Android grabs a complete example of geek headlines on CSDN home page

Today, I wrote a little code. Grab the geek headlines on the home page. The effect is shown in the figure:

Share with novice friends.

main points:

1. Use Apache httpclient library to implement get request.

2. Asynchronous request processing.

3. Regular expressions capture the data they need.

1. Use Apache httpclient library to implement get request.

Using Apache is a simple three-step process

2. Asynchronous request processing.

The implementation of asynchronous requests is also very simple. A new thread is opened to execute request processing, and the request completes the data obtained by the handler in the main thread. See the code for details.

3. Regular expressions capture the data they need.

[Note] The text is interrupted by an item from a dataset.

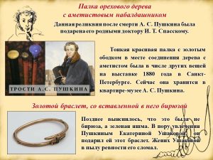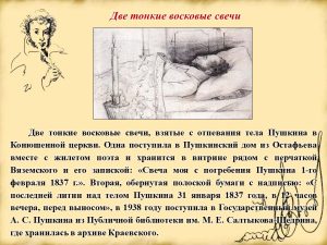 Сегодня, вспоминая великого поэта, мы хотим рассказать вам о некоторых его реликвиях и талисманах. Особую группу пушкинских реликвий составляют предметы, связанные со смертью и похоронами поэта.

This is simpler. I recommend a tool, regextester, which is used in relevant documents.

Let me say here that even if you don't know any regular expressions, you just need to know (. *?). It allows you to capture almost all the data you need.

". *?" note that three characters together represent greedy matching of any number of arbitrary characters. It can be simply understood as any character.

If "a. *? B" matches the string "eabcd", it will find "ABCD", where ". *?" matches "BC".

The content we need to grab is generally represented by "(. *?)". Note that parentheses are included here. This is important. Use parentheses to indicate what we want to extract.

We specifically analyze the CSDN home page source code. Each of the following operations should be tested in regextester.

It's easy to find. We need to capture the initial format of the content

The content we want to grab is the title and URL address. Use (. *?) instead

In contrast to the above, the content we want to capture is replaced by (. *?). Here "\ 1" represents the content of the first (. *?). They are duplicates.

Similarly, if we use "\ 2", it will represent the same content as the second bracket. We don't use it here.

Passed the test with tools, found no problem, can find out.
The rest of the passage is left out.